The younger Welby was admitted at Emmanuel College, Cambridge, in 1786 and matriculated the following year, though he took no degree. He worked at the Newark banking firm of Welby & Co. until his father's death, and was a Lieutenant in the Ossington Volunteers from 1806.

== Family ==

Welby married on 30 August 1792, Wilhelmina Spry, daughter and heir of William Spry, who was Governor of Barbados from 1767 to 1772, and his wife Katherine Cholmeley. She died on 4 February 1847. Together, they had seven daughters and three sons:

- Elizabeth Welby (1804–1888). She married, on 17 February 1829, Thomas James Ireland of Ousden Hall, Suffolk, (he died in 1863) and had with him five children.
- Sir Glynne Earle Welby, 3rd Baronet (later Welby-Gregory, by Royal Licence; 1806–1875). He succeeded his father as Baronet and also served as a member of parliament.
- Rt Rev. Thomas Earle Welby, DD (1810–1899). He was an Anglican clergyman, who was consecrated as the second Bishop of St Helena in 1862, in which position he served until his death.
- Arthur Earle Welby (1815–1884). Rector of Holy Trinity, Hulme, Manchester. He married, on 13 May 1843, Julia, daughter of Capt. George Macdonald of the 68th Regiment; she died on 18 October 1892. Together they had seven children.
- Wilhelmina Welby (died 1874). She married, on 17 May 1825, the Rev. Frederick Browning, Prebendary of Salisbury; he died on 3 December 1858.
- Penelope Welby (died 1834). She married, on 8 May 1825, Clinton James Fynes Clinton (1792–1833), MP for Aldborough, and together they had two children.
- Katherine Welby (died 1869). She married, on 13 May 1822, the Rev. Thomas Welby Northmore, her first cousin and the son of Thomas Northmore of Cleve, , a writer, and Penelope Welby, a daughter of the first baronet; the Rev. Northmore died on 16 July 1829; he and his wife had two children.
- Jane Welby (died 1832), who died unmarried.
- Caroline Welby.
- Augusta Welby (died 1852).

==Member of Parliament and public service==

In the late eighteenth and early nineteenth centuries, Sir William Manners, Bt., was attempting to take control of the borough of Grantham, which had previously been controlled by two land-owning aristocrats, the Duke of Rutland and Lord Brownlow; Manners's grandfather, Lord William Manners, had purchased the manor, his son accumulated much wealth, and Sir William purchased houses in Grantham and worked to be returned as a member of parliament for the Borough. Welby's father, who was Lord of the Manor of nearby Denton, stood to oppose Manners in 1802, being supported by Rutland and Brownlow, and was elected, serving until 1806. After he declined to stand again, a compromise was formed between Manners and the land-owners, but it did not last and, by the time the 1807 elections began, Manners was hoping to control the Borough's seats in Parliament.

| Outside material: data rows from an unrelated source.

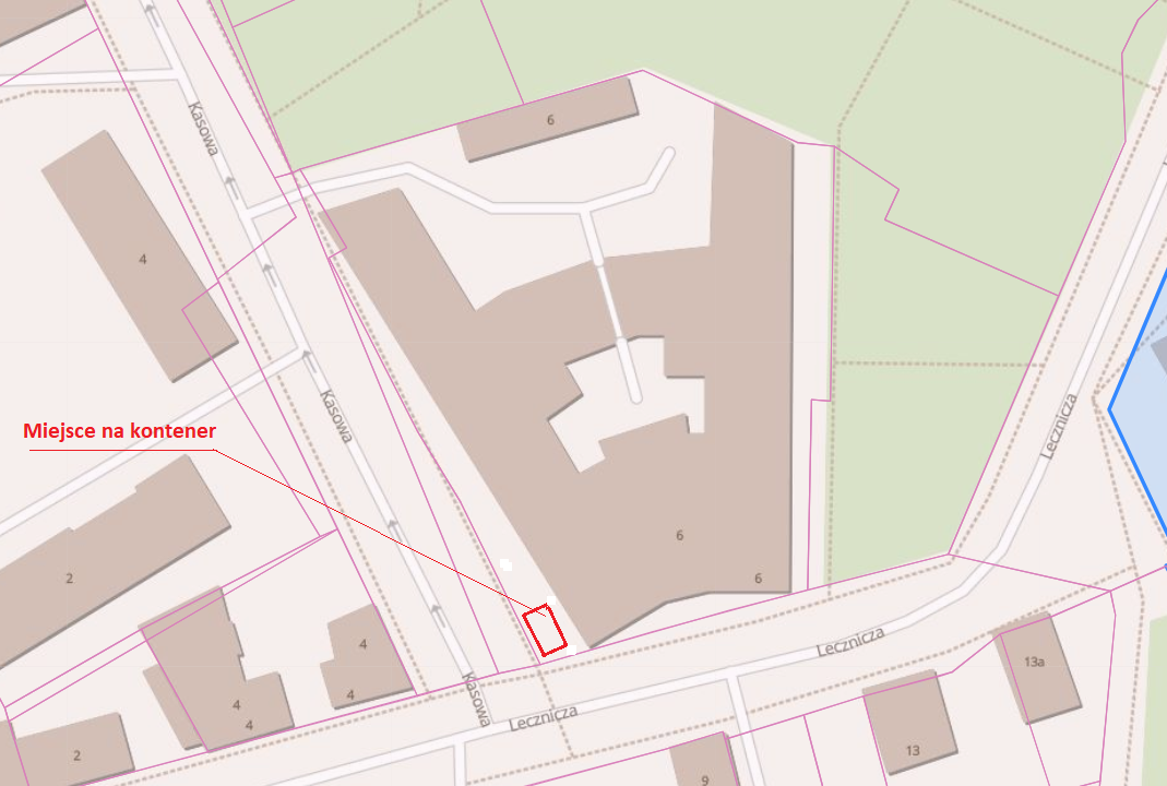 - Przedmiotem postępowania jest dzierżawa powierzchni 30 m2 znajdującej się obok Przychodni przy ul. Leczniczej 6 z przeznaczeniem na kontener do pobierania wymazów od pacjentów w kierunku diagnostyki zakażenia wirusem SARS-CoV-2. Miejsce przeznaczone do dzierżawy pokazane jest w załączniku numer 1 do ogłoszenia.
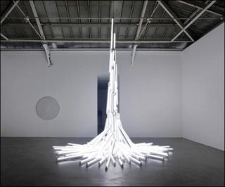 Jusqu’à preuve du contraire (03) se déploie donc comme une immense structure faite de néons allant jusqu’au plafond de la galerie. Sa morphologie nous ferait penser à un bûcher. Les néons horizontaux tiendraient la place des bûches disposées au sol, les obliques seraient le cœur du brasier incandescent, et les verticaux les flammes s’élançant vers les cieux. On pourrait alors y voir les bûchers de l’Inquisition espagnole et de ses inquiétants autodafés.
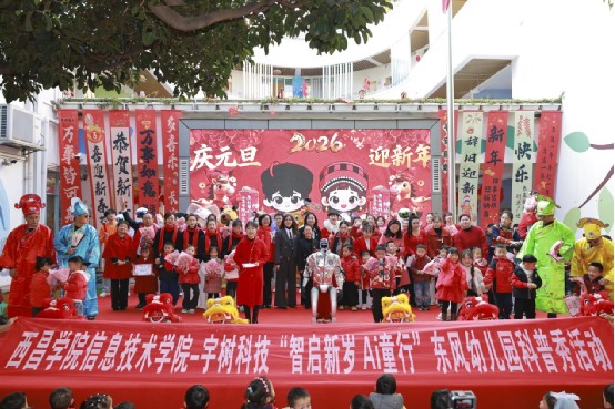 为积极响应国家关于加强科学普及与教育融合的号召,发挥高校服务社会的职能,2025年12月31日,西昌学院信息技术学院携手宇树科技走进西昌市东风幼儿园开展“智启新岁,AI童行”科普秀活动,将人工智能技术与元旦节日氛围深度融合,为孩子们带来了一场科技感十足的新年启蒙。
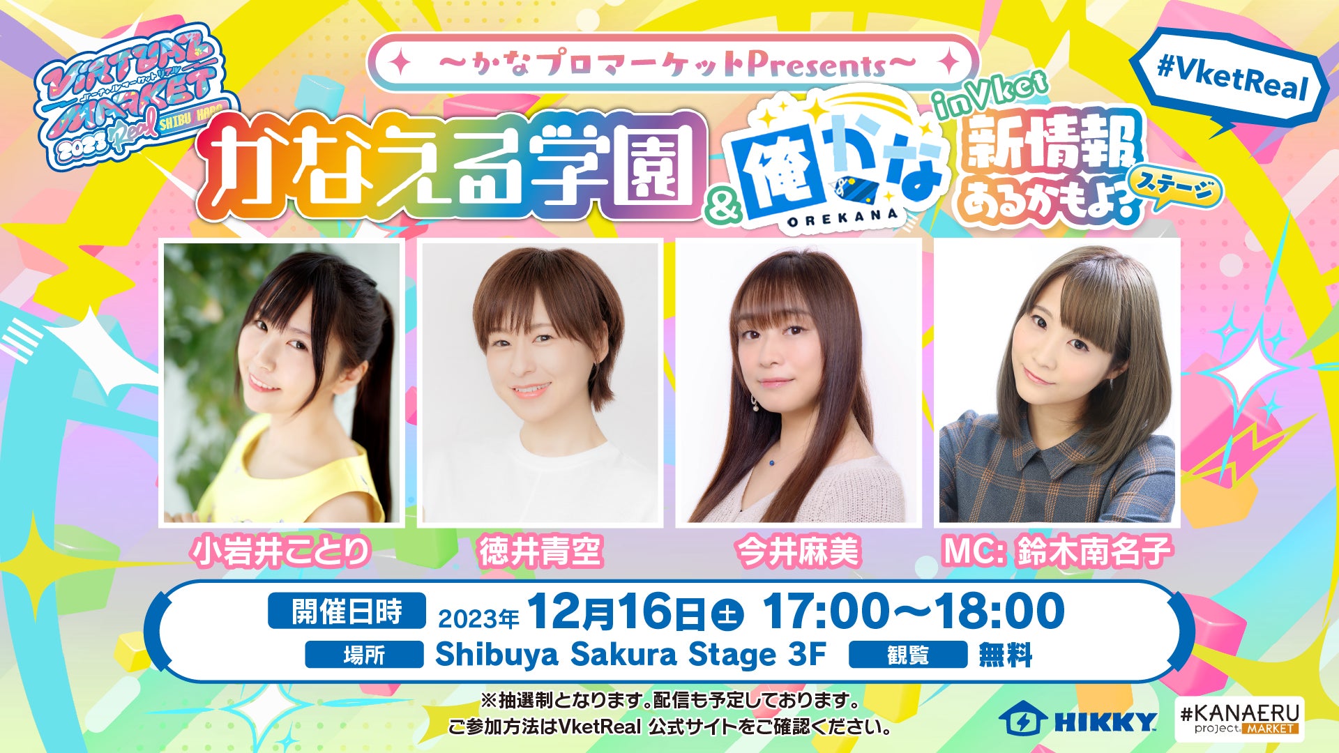 かなプロマーケット発祥の「かなえる学園」&「俺かな」のコラボステージがバーチャルマーケットリアルに登場!かなえる学園や俺かなでお馴染みの声優「小岩井ことり」「徳井青空」「鈴木南名子」、更に「今井麻美」を新たにお迎えして、この時期ならではのサンタコスチュームに身を包みステージを彩ります!

Welby stood to oppose Manners, as his father had done before him, and, like his father, was elected (finishing second, with 411 votes). As a Member, he was an infrequent voter and is not known to have made any speeches; he also applied for leaves of absence in 1808 and 1812. When he did vote, it was generally with the Government, voting, for instance, in 1810 on the side of the Government over an inquiry into the British Walcheren Campaign against the Dutch in 1809. In the borough, Welby remained opposed to the imposition of Manners and, shocked at Rutland's decision to sell him land in return for hunting rights, he barred Rutland from hunting on the Welby estates.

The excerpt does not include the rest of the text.